### INFORMATION SUPPLIED
__________
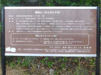 | 唐船山は、標高19mで小高い丘だ。東側を見下ろすと唐船サンビーチで遠浅の砂浜があり海水浴や潮干狩りで人気だそうだ。昔、日本が唐と交易していたときに、唐船が赤穂の沖で嵐に遭い沈没したそうだ。宝物を積んだまま沈没した船に土砂が積もって島となり、地続きの小高い山となったと伝えられているそうな。それで山頂でしこを踏んで見ると大阪のポンポン山のような音がしたがまんだらでもなさそうだ。 | ||||
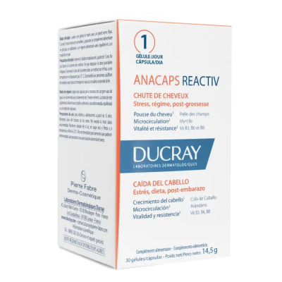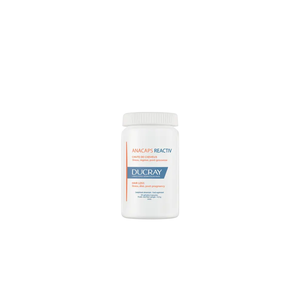 DUCRAY ANACAPS REACTIV est un complément alimentaire sous forme de capsules, formulé pour répondre aux besoins nutritionnels du bulbe pilaire et de la matrice de l'ongle lors des chutes de cheveux réactionnelles (aussi appelées occasionnelles ou aiguës). Ce type de chute est souvent déclenché par des facteurs externes ou internes spécifiques et temporaires, comme le stress, une grande fatigue, un régime alimentaire restrictif, une période post-accouchement (post-partum), ou un changement de saison. Anacaps Reactiv apporte au bulbe pilaire des nutriments essentiels pour stimuler la pousse des cheveux, améliorer leur vitalité et augmenter leur résistance. Il agit également pour fortifier les ongles fragilisés. Sa formule complète contient des acides aminés soufrés (constituants majeurs de la kératine) ainsi que des vitamines et des minéraux. Une seule capsule par jour suffit, ce qui en fait un traitement pratique pour une cure d'un mois.
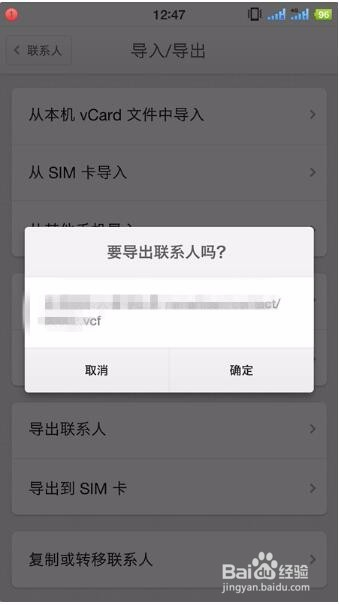 系统会提醒需要导出吗,然后生当作一个.vcf的文件,点击确定
__________
### WHAT TO PRODUCE
Your task is to retype the listing exactly, without its pictures.

### RESULT
 | 唐船山は、標高19mで小高い丘だ。東側を見下ろすと唐船サンビーチで遠浅の砂浜があり海水浴や潮干狩りで人気だそうだ。昔、日本が唐と交易していたときに、唐船が赤穂の沖で嵐に遭い沈没したそうだ。宝物を積んだまま沈没した船に土砂が積もって島となり、地続きの小高い山となったと伝えられているそうな。それで山頂でしこを踏んで見ると大阪のポンポン山のような音がしたがまんだらでもなさそうだ。 | ||||
 DUCRAY ANACAPS REACTIV est un complément alimentaire sous forme de capsules, formulé pour répondre aux besoins nutritionnels du bulbe pilaire et de la matrice de l'ongle lors des chutes de cheveux réactionnelles (aussi appelées occasionnelles ou aiguës). Ce type de chute est souvent déclenché par des facteurs externes ou internes spécifiques et temporaires, comme le stress, une grande fatigue, un régime alimentaire restrictif, une période post-accouchement (post-partum), ou un changement de saison. Anacaps Reactiv apporte au bulbe pilaire des nutriments essentiels pour stimuler la pousse des cheveux, améliorer leur vitalité et augmenter leur résistance. Il agit également pour fortifier les ongles fragilisés. Sa formule complète contient des acides aminés soufrés (constituants majeurs de la kératine) ainsi que des vitamines et des minéraux. Une seule capsule par jour suffit, ce qui en fait un traitement pratique pour une cure d'un mois.
 系统会提醒需要导出吗,然后生当作一个.vcf的文件,点击确定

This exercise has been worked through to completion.